A cozinha sempre foi meu refúgio. Aprendi a arte de transformar ingredientes em refeições deliciosas, guiada pela visão. Mas a vida, em sua infinita sabedoria, me presenteou com um novo desafio: a perda da visão aos 16 anos.
Da noite para o dia, meu mundo mudou. No entanto, o amor pela culinária permaneceu intacto. Comecei a redescobrir a cozinha, agora com outros sentidos. O som da água fervendo, o crepitar da banha na panela, o aroma irresistível dos temperos... Cada detalhe se tornou fundamental para me guiar nesse novo caminho.
Cozinhar, para mim, nunca foi apenas preparar alimentos. É um ato de amor, uma forma de expressar carinho por aqueles que amo. A cada receita, uma nova experiência sensorial. Os cheiros evoluem ao longo do cozimento, transformando a cozinha em um verdadeiro laboratório de aromas. O arroz, por exemplo, nos presenteia com uma sinfonia de sons que revelam seus diferentes estágios.
Muitas pessoas acreditam que cozinhar sem visão é um grande desafio, mas eu vejo como uma oportunidade de explorar novos horizontes.
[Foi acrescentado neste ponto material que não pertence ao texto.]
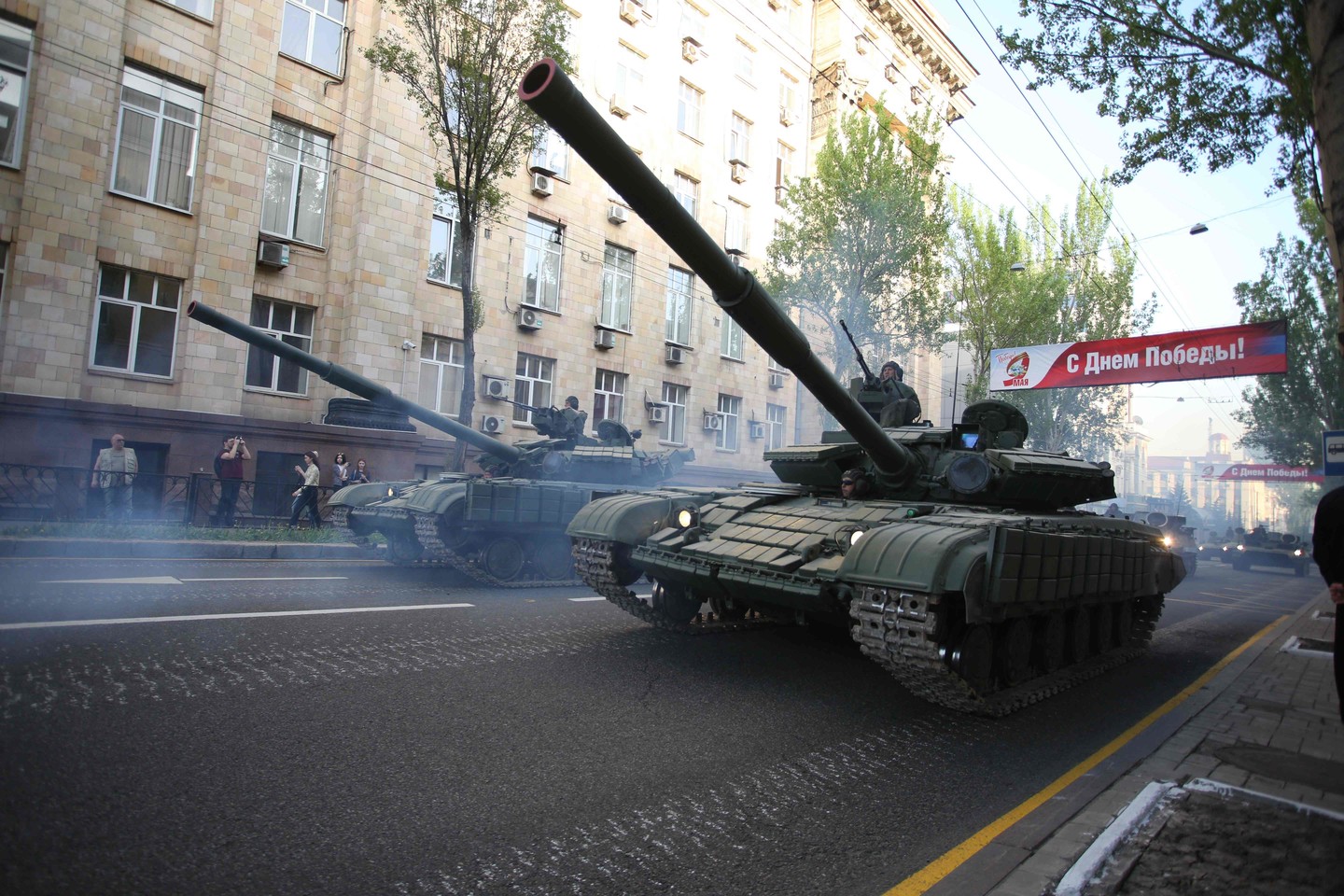 Donecko separatistų lyderis Aleksandras Zacharčenka vadovavo maždaug tūkstančio kovotojų paradui. Kovotojai nešė ilgą juodos ir oranžinės – Rusijos Šv.Georgijaus (Šv.Jurgio) juostos – spalvų transparantą.

Afinal, a cozinha é um espaço de criação e experimentação. E com a ajuda de Deus e dos meus anjos, cada prato se transforma em uma obra de arte culinária.
Não tenho medo de cozinhar, pois sei que a intuição e o amor me guiam. A cozinha é um lugar onde todos os sentidos se conectam, e onde a magia acontece a cada garfada.